Despite the U.S. economy adding fewer jobs than expected in September — 136,000 versus a projected 145,000 gain — unemployment hit a five-decade low of 3.5%, down from 3.7% in August.
This “just shows what a strong animal the U.S. economy is,” Joseph Minarik, senior vice president and director of research at the Committee for Economic Development, told Yahoo Finance.
“There is strength out there,” Minarik said, citing growth in services and in the public sector at the local and state government levels.
He suggested that, when looking at the economy’s consistently limited job growth, you must factor “potential job growth equal to the growth of the labor force.”
“I'm frankly surprised that the economy has been able to generate the number of jobs it has over some period of time now.
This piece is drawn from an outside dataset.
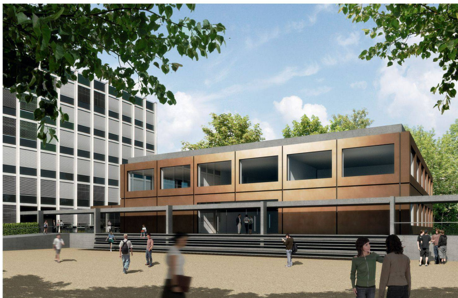
03 Grossformatige Fassadenelemente aus Bronze und Schaufenster prägen den Erweiterungsbau

Nach dem Umbau der Aula im Jahr 2005 dürfen Felber Widmer Kim Architekten erneut Hand an die Berufsschule Aarau legen. Nach der Überarbeitung konnten sie sich im Studienauftrag gegen e2a Eckert Eckert Architekten durchsetzen.

So yeah, I'd be very satisfied with continuing those kinds of numbers that will absorb the new entrants into the workforce and keep us pretty healthy and happy,” Minarik said.
Wage growth was up 2.9%, disappointing Wall Street estimates of 3.2% growth, but Minarik said that it’s “good for workers, not over the top — not frothy — which will help the Federal Reserve to remain relatively calm about how they react.”
Not everybody shares Minarik’s rosy view of the jobs report. Yahoo Finance’s Brian Sozzi referred to the employment report as “generally limp” and cited another veteran economist who noted that the Trump economy only deserves a “B” right now.